In human genetics, Haplogroup J-M172 or J2 is a Y-chromosome haplogroup which is a subclade (branch) of haplogroup J-M304. Haplogroup J-M172 is common in modern populations in Western Asia, Central Asia, South Asia, Southern Europe, Northwestern Iran and North Africa. It is thought that J-M172 may have originated between the Caucasus, Anatolia and/or Western Iran.

It is further divided into two complementary clades, J-M410 and J-M12 (M12, M102, M221, M314).

Origins

The date of origin for haplogroup J-M172 was estimated by Batini et al in 2015 as between 19,000 and 24,000 years before present (BP). Samino et al in 2004 dated the origin of the parent haplogroup, J-P209, to between 18,900 and 44,500 YBP. Ancient J-M410, specifically subclade J-Y12379*, has been found, in a mesolithic context, in a tooth from the Kotias Klde Cave in western Georgia dating 9.529-9.895 cal.
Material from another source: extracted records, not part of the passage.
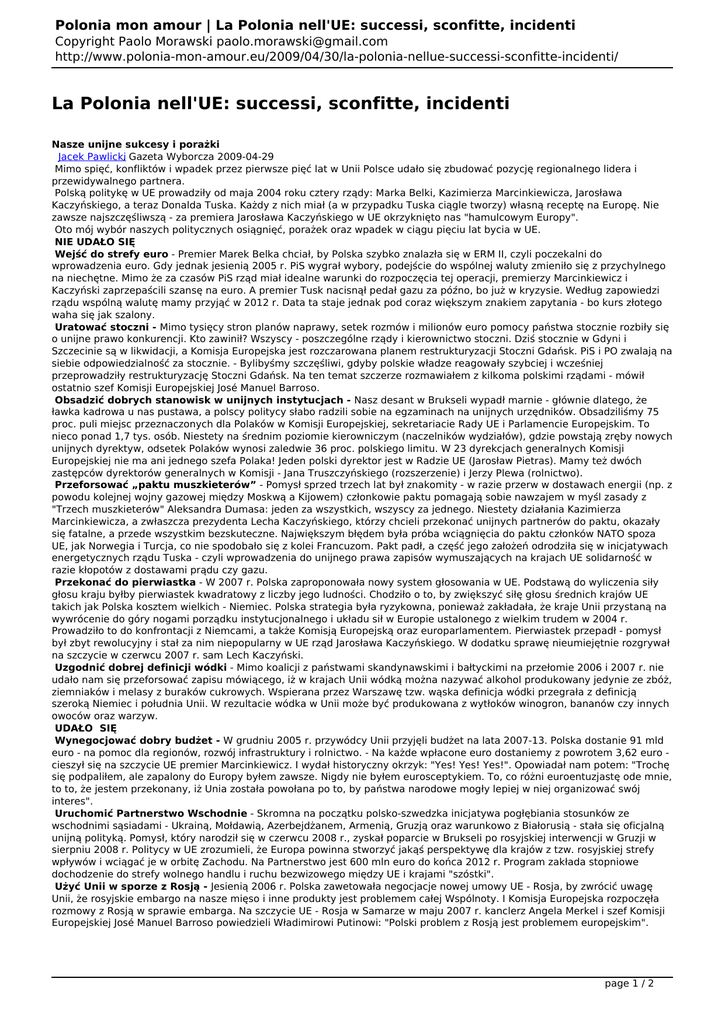 Polonia mon amour | La Polonia nell'UE: successi, sconfitte, incidenti Copyright Paolo Morawski [email protected] http://www.polonia-mon-amour.eu/2009/04/30/la-polonia-nellue-successi-sconfitte-incidenti/ La Polonia nell'UE: successi, sconfitte, incidenti Nasze unijne sukcesy i porażki Jacek Pawlicki, Gazeta Wyborcza 2009-04-29 Mimo spięć, konfliktów i wpadek przez pierwsze pięć lat w Unii Polsce udało się zbudować pozycję regionalnego lidera i przewidywalnego partnera. Polską politykę w UE prowadziły od maja 2004 roku cztery rządy: Marka Belki, Kazimierza Marcinkiewicza, Jarosława Kaczyńskiego, a teraz Donalda Tuska. Każdy z nich miał (a w przypadku Tuska ciągle tworzy) własną receptę na Europę. Nie zawsze najszczęśliwszą - za premiera Jarosława Kaczyńskiego w UE okrzyknięto nas "hamulcowym Europy". Oto mój wybór naszych politycznych osiągnięć, porażek oraz wpadek w ciągu pięciu lat bycia w UE. NIE UDAŁO SIĘ Wejść do strefy euro - Premier Marek Belka chciał, by Polska szybko znalazła się w ERM II, czyli poczekalni do wprowadzenia euro. Gdy jednak jesienią 2005 r. PiS wygrał wybory, podejście do wspólnej waluty zmieniło się z przychylnego na niechętne. Mimo że za czasów PiS rząd miał idealne warunki do rozpoczęcia tej operacji, premierzy Marcinkiewicz i Kaczyński zaprzepaścili szansę na euro. A premier Tusk nacisnął pedał gazu za późno, bo już w kryzysie. Według zapowiedzi rządu wspólną walutę mamy przyjąć w 2012 r. Data ta staje jednak pod coraz większym znakiem zapytania - bo kurs złotego waha się jak szalony. Uratować stoczni - Mimo tysięcy stron planów naprawy, setek rozmów i milionów euro pomocy państwa stocznie rozbiły się o unijne prawo konkurencji. Kto zawinił? Wszyscy - poszczególne rządy i kierownictwo stoczni. Dziś stocznie w Gdyni i Szczecinie są w likwidacji, a Komisja Europejska jest rozczarowana planem restrukturyzacji Stoczni Gdańsk. PiS i PO zwalają na siebie odpowiedzialność za stocznie. - Bylibyśmy szczęśliwi, gdyby polskie władze reagowały szybciej i wcześniej przeprowadziły restrukturyzację Stoczni Gdańsk. Na ten temat szczerze rozmawiałem z kilkoma polskimi rządami - mówił ostatnio szef Komisji Europejskiej José Manuel Barroso. Obsadzić dobrych stanowisk w unijnych instytucjach - Nasz desant w Brukseli wypadł marnie - głównie dlatego, że ławka kadrowa u nas pustawa, a polscy politycy słabo radzili sobie na egzaminach na unijnych urzędników. Obsadziliśmy 75 proc. puli miejsc przeznaczonych dla Polaków w Komisji Europejskiej, sekretariacie Rady UE i Parlamencie Europejskim. To nieco ponad 1,7 tys. osób. Niestety na średnim poziomie kierowniczym (naczelników wydziałów), gdzie powstają zręby nowych unijnych dyrektyw, odsetek Polaków wynosi zaledwie 36 proc. polskiego limitu. W 23 dyrekcjach generalnych Komisji Europejskiej nie ma ani jednego szefa Polaka! Jeden polski dyrektor jest w Radzie UE (Jarosław Pietras). Mamy też dwóch zastępców dyrektorów generalnych w Komisji - Jana Truszczyńskiego (rozszerzenie) i Jerzy Plewa (rolnictwo). Przeforsować „paktu muszkieterów” - Pomysł sprzed trzech lat był znakomity - w razie przerw w dostawach energii (np. z powodu kolejnej wojny gazowej między Moskwą a Kijowem) członkowie paktu pomagają sobie nawzajem w myśl zasady z "Trzech muszkieterów" Aleksandra Dumasa: jeden za wszystkich, wszyscy za jednego. Niestety działania Kazimierza Marcinkiewicza, a zwłaszcza prezydenta Lecha Kaczyńskiego, którzy chcieli przekonać unijnych partnerów do paktu, okazały się fatalne, a przede wszystkim bezskuteczne. Największym błędem była próba wciągnięcia do paktu członków NATO spoza UE, jak Norwegia i Turcja, co nie spodobało się z kolei Francuzom. Pakt padł, a część jego założeń odrodziła się w inicjatywach energetycznych rządu Tuska - czyli wprowadzenia do unijnego prawa zapisów wymuszających na krajach UE solidarność w razie kłopotów z dostawami prądu czy gazu. Przekonać do pierwiastka - W 2007 r. Polska zaproponowała nowy system głosowania w UE. Podstawą do wyliczenia siły głosu kraju byłby pierwiastek kwadratowy z liczby jego ludności. Chodziło o to, by zwiększyć siłę głosu średnich krajów UE takich jak Polska kosztem wielkich - Niemiec. Polska strategia była ryzykowna, ponieważ zakładała, że kraje Unii przystaną na wywrócenie do góry nogami porządku instytucjonalnego i układu sił w Europie ustalonego z wielkim trudem w 2004 r. Prowadziło to do konfrontacji z Niemcami, a także Komisją Europejską oraz europarlamentem. Pierwiastek przepadł - pomysł był zbyt rewolucyjny i stał za nim niepopularny w UE rząd Jarosława Kaczyńskiego. W dodatku sprawę nieumiejętnie rozgrywał na szczycie w czerwcu 2007 r. sam Lech Kaczyński. Uzgodnić dobrej definicji wódki - Mimo koalicji z państwami skandynawskimi i bałtyckimi na przełomie 2006 i 2007 r. nie udało nam się przeforsować zapisu mówiącego, iż w krajach Unii wódką można nazywać alkohol produkowany jedynie ze zbóż, ziemniaków i melasy z buraków cukrowych. Wspierana przez Warszawę tzw. wąska definicja wódki przegrała z definicją szeroką Niemiec i południa Unii. W rezultacie wódka w Unii może być produkowana z wytłoków winogron, bananów czy innych owoców oraz warzyw. UDAŁO SIĘ Wynegocjować dobry budżet - W grudniu 2005 r. przywódcy Unii przyjęli budżet na lata 2007-13. Polska dostanie 91 mld euro - na pomoc dla regionów, rozwój infrastruktury i rolnictwo. - Na każde wpłacone euro dostaniemy z powrotem 3,62 euro cieszył się na szczycie UE premier Marcinkiewicz. I wydał historyczny okrzyk: "Yes! Yes! Yes!". Opowiadał nam potem: "Trochę się podpaliłem, ale zapalony do Europy byłem zawsze. Nigdy nie byłem eurosceptykiem. To, co różni euroentuzjastę ode mnie, to to, że jestem przekonany, iż Unia została powołana po to, by państwa narod
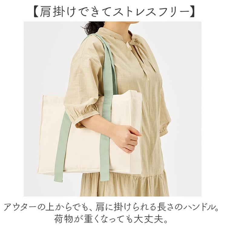 ・ナチュラルな風合いのキャンバス素材に、長いハンドルがアクセント。コーデを選ばず長く愛用。
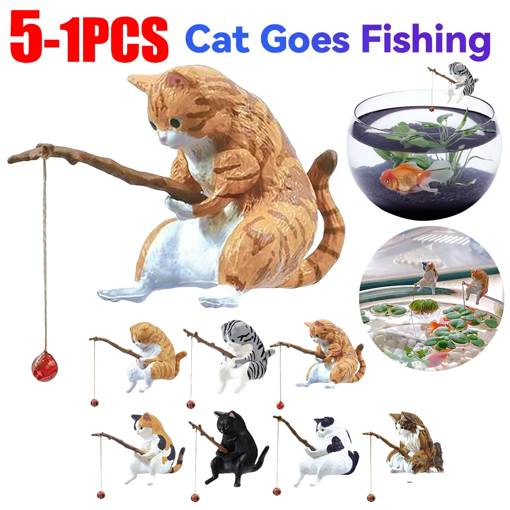 Fish Landscaping Cartoon Cat Statue Sitting Fishing Little Cat Ornament Cute Cat Landscaping Decor Home Car Interior Decoration

BP. This sample has been assigned to the Caucasus hunter-gatherers (CHG) autosomal component. J-M410, more specifically its subclade J-PF5008, has also been found in a mesolithic sample from the Hotu and Kamarband Caves located in Mazandaran Province of Iran, dating back to 9,100-8,600 B.C.E (approximately 11,000 ybp). Both samples belong to the Trialetian Culture.
It is likely that J2 men had settled over most of Anatolia, the South Caucasus and the Zagros mountains by the end of the Last Glaciation 12,000 years ago.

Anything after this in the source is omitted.